O arquiteto Miguel Rodríguez, da empresa Basurama, falou sobre um projeto de reutilização de lixo urbano para a produção de móveis e brinquedos. A iniciativa surgiu com o objetivo de transformar a Praça José Brás, na região Central de São Paulo, em um espaço de convivência, no qual adultos e crianças pudessem usufruir de um local arborizado e com brinquedos e bancos feitos com material reutilizado.

O tema central do projeto era a revitalização e a conscientização da população sobre o descaso com a praça, incentivando a promoção de ações de preservação urbana.

 O artista Zezão, famoso por seus grafites nos muros de São Paulo
O artista Zezão, famoso por seus grafites nos muros de São Paulo

Já o artista Zezão, que trabalha com grafite, escolheu o espaço subterrâneo para mostrar sua arte, além de favelas e locais abandonados. “Faço arte para aqueles que não têm acesso a ela. Além disso, como um protesto, para que as autoridades percebam a importância de cuidar desses espaços que, embora tenham pouca ou nenhuma circulação, fazem parte da cidade”.

 A arquiteta espanhola Belinda Tato
A arquiteta espanhola Belinda Tato

Também esteve presente no evento a arquiteta espanhola Belinda Tato, da empresa Ecosistema Urbano, que abordou a questão de tornar o espaço público um local de encontro, no qual as pessoas possam reunir a família e conversar. Ela também apresentou alguns trabalhos da empresa em vários países.

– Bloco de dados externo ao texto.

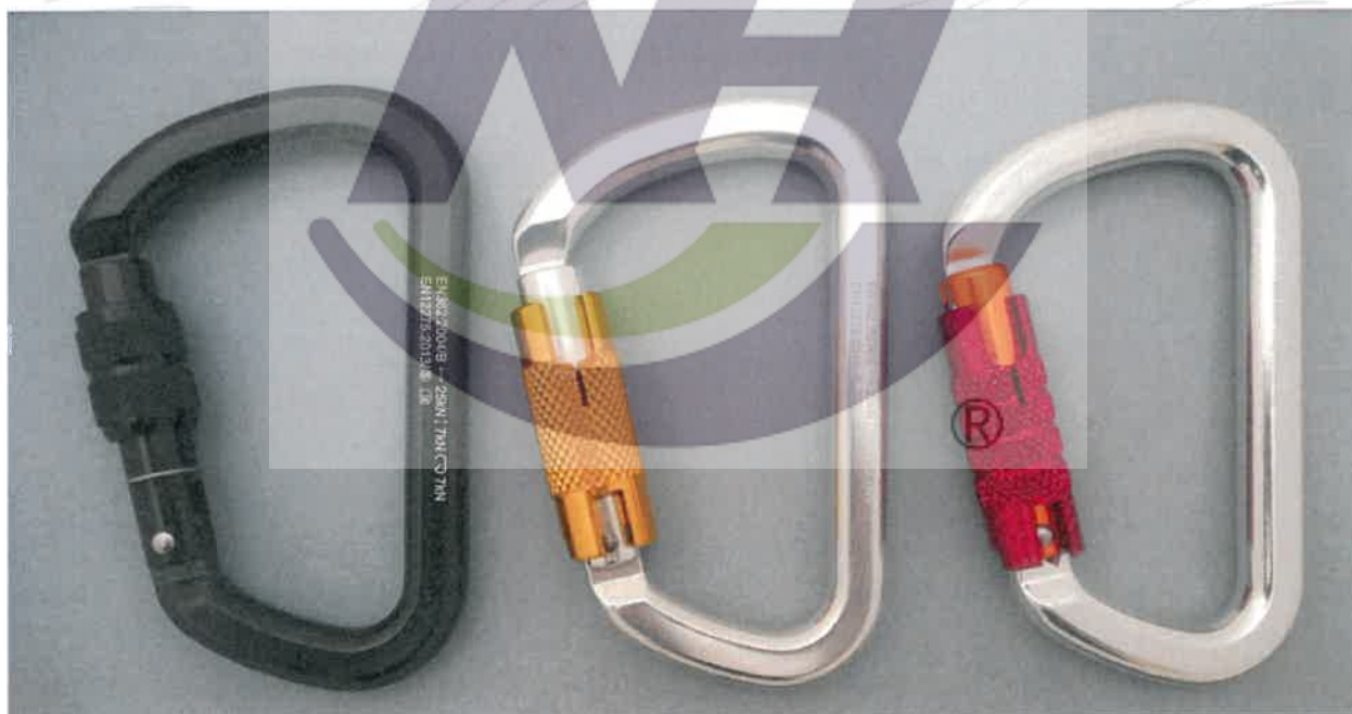
Aluminum Carabiner, type YAC012S, YAC012D, YAC012T

A arquiteta acredita que a área da arquitetura exige a multidisciplinaridade abordada pela profa. Mônica Moura. “O trabalho do arquiteto, ao contrário do que muitos pensam, não deve ser isolado. Temos que trabalhar com profissionais dos mais variados setores, interagir, conhecer. Isso é fundamental para o profissional contemporâneo”, disse.

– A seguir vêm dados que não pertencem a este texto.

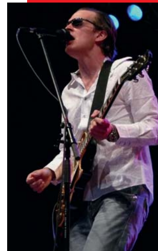
Joe Bonamassa (US), 2009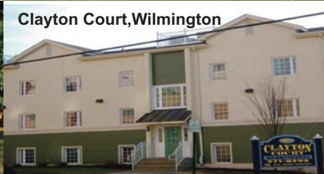
Clayton Court, Wilmington

Representantes do Estúdio Bijari também participaram das mesas de discussões e apresentaram alguns de seus trabalhos de conscientização sobre o uso de boas políticas para a revitalização, restauração e utilização do espaço público. “Muitos preferem nos ver como ‘baderneiros’, mas, na verdade, nós só queremos alertar sobre o descaso com as pessoas menos favorecidas no momento em que os órgãos públicos decidem fazer seus projetos urbanos. Muitas famílias ficam desabrigadas, por exemplo, para que seja construído um shopping. É sobre isso que queremos conscientizar a população: a arquitetura e o desenvolvimento urbano têm de estar ligados com o social”, ressaltou.

Outros nomes da área também estiveram presentes no evento, como Carlos Arroyo (Madri), Guilherme Wisnik (SP), Andrés Jaque (Madri), Fernando Viegas e Fábio Valentin (UMA Arquitetos).